To express each of these as a regular expression, we can use \({\bb} = \{b\}\text{,}\) \({\bc} = \{c\}\) and \({\bd} = \{d\}\text{.}\) Then we have the concatenation \({\bb\bc} = \{b\}\{c\} = \{bc\}\text{.}\) In this example we have \(\Sigma = \{a,b,c,d\} = {\ba}\cup {\bb}\cup {\bc}\cup {\bd}\text{.}\) Notice that the set of all strings from \(\Sigma\text{,}\) that we have called \(\Sigma^*\text{,}\) is in fact an example of the Kleene star. Thus we have \(\Sigma^* = \{a,b,c,d\}^* = ({\ba}\cup {\bb} \cup {\bc} \cup{\bd})^*\text{.}\) The language \(L_4\) can now be described by the regular expression that is the concatenation of these three:

\begin{equation*} L_4 = \{bc\} \Sigma^* \{d\} = {\bb\bc}({\ba}\cup {\bb} \cup {\bc} \cup {\bd})^*\bd. \end{equation*}

Problem 9.31.

Find a regular expression for the language \(L_3\) described in Example 9.20.

Problem 9.32.

Find a regular expression for the language \(L_5\text{,}\) where \(M_5\) is the FSA drawn in Figure 9.23.

Problem 9.33.

Find a regular expression for the language \(L_6\) described in Problem 9.24.

Problem 9.34.

Find a regular expression for the language \(L_7\) described in Problem 9.25.

Problem 9.35.

Find a regular expression for the language \(L_8\) described in Problem 9.26.

Problem 9.36.

Find a regular expression for the language \(L_{10}\) described in Problem 9.29.

Problem 9.37.

Draw a transition diagram for an FSA that recognizes the language \((\ba\bb\ba)^*(\bd\bd\bd)(\bb\cup \be)^*\text{.}\)

Problem 9.38.

Consider FSAs \(M = \langle \Sigma,Q,s,Y,\delta\rangle\) recognizing language \(L\) and \(M' = \langle \Sigma,Q',s',Y',\delta'\rangle\) recognizing language \(L'\text{.}\) Tell how to use \(M\) and \(M'\) to design an FSA \(M^{\cup}\) that will recognize \(L\cup L'\text{.}\) HINT: Try using \(Q^{\cup}=Q\times Q'\) for the states of \(M^{\cup}\text{,}\) and then define \(s^{\cup}\text{,}\) \(Y^{\cup}\) and \(\delta^{\cup}\text{.}\)

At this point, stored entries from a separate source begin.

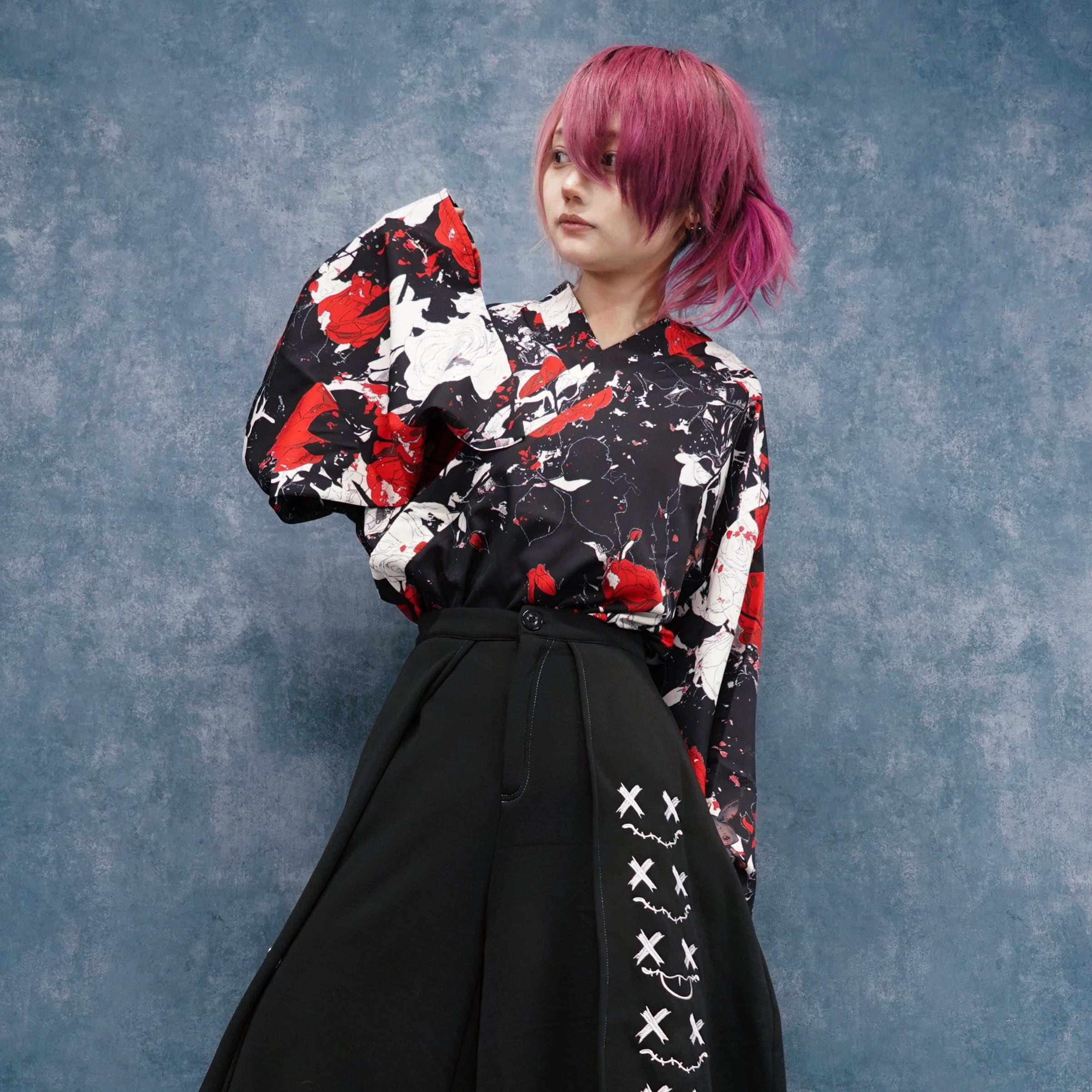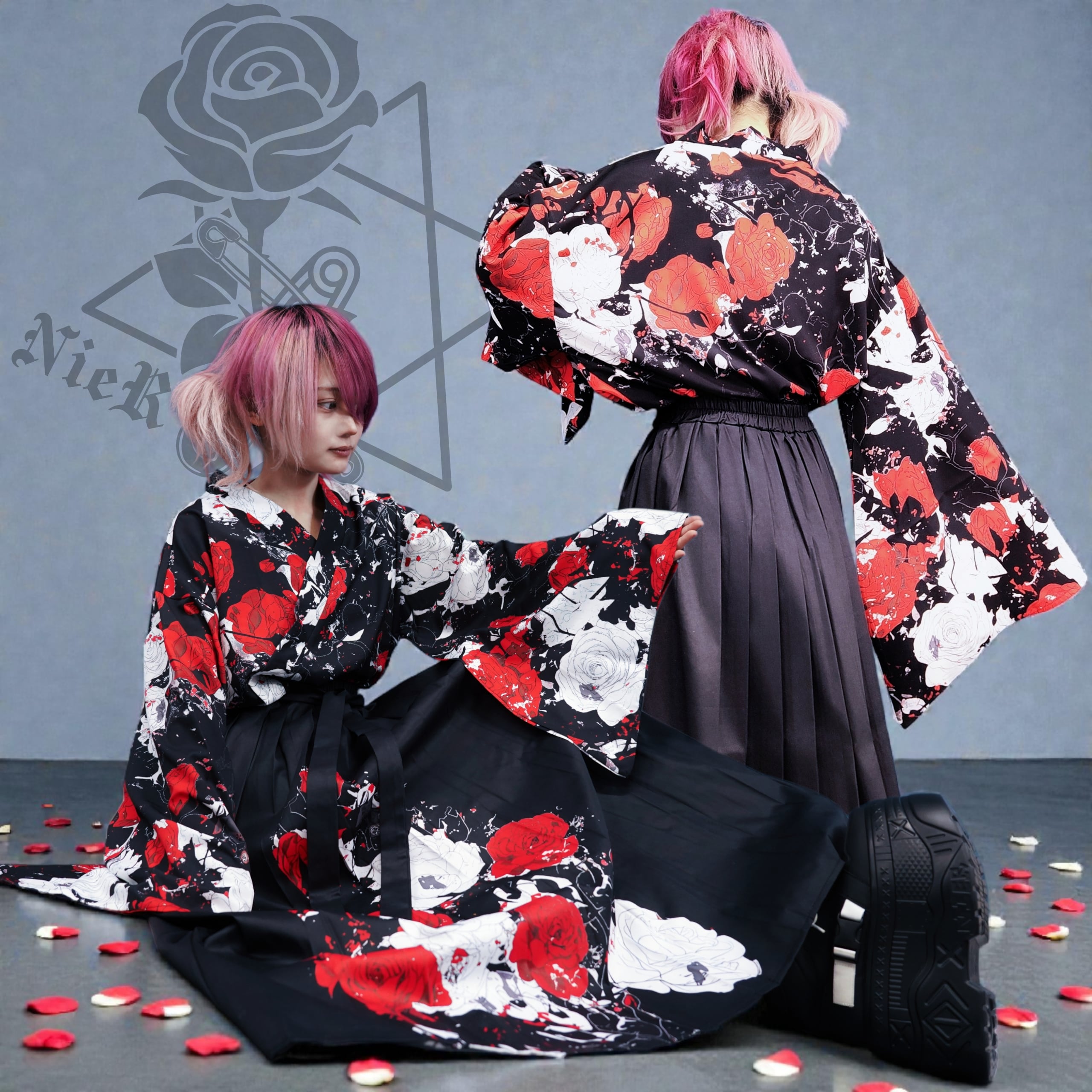 赤と白の薔薇を大胆に描いた和柄デザインが、
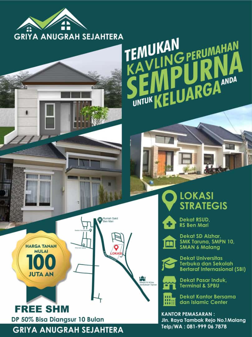 Malang,BeritaAntara.com -Griya Anugrah Sejahterah (GAS) meluncurkan penjualan tanah kavling murah pada akhir tahun 2023 di kota malang tepatnya di jln.Raya Tambak Rejo no 1 Malang. Tanah kavling yang dijual dengan dua grade tersebut terdiri dari grade A & grade B yang terletak di poros utama jalan provinsi tepatnya Dekat dengan Rumah sakit Ben Mari dan fasilitas umum lainnya.
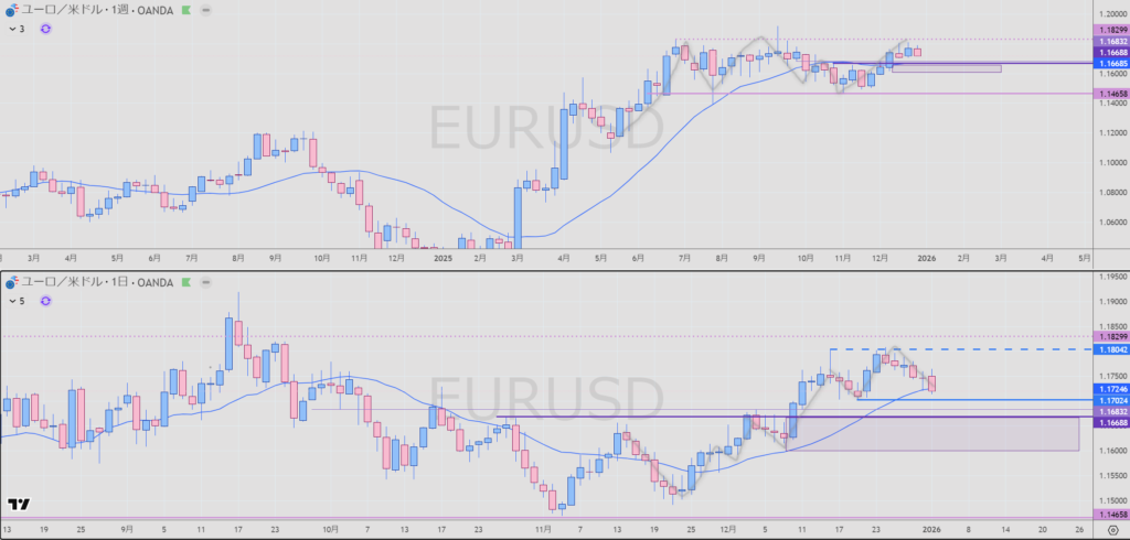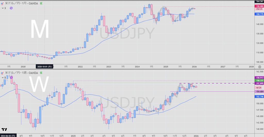 週足は方向転換するかどうかのところ (上に展開したら)

The direct product construction used in Problem 9.38 for \(Q^\cup\) tends to produce an FSA with an excessively large number of states. In practice most of these states are unnecessary since they can not be reached from the start state. A practical way to construct the transition diagram for the FSA \(M\) in Problem 9.38 is to begin with the start state and add in only those states that can be reached by successive transitions from the start state. Try this in the following extension of Problem 9.37.

Problem 9.39.

Draw a transition diagram for an FSA that recognizes the language

\begin{equation*} (\ba\bb\ba)^*(\bd\bd\bd)(\bb\cup \be)^* \cup \ba^*(\bd^*\cup \bc^*)\text{.} \end{equation*}

These problems suggest an important theorem about languages which says that a language is recognized by some finite state acceptor if and only if it can be represented by a regular expression.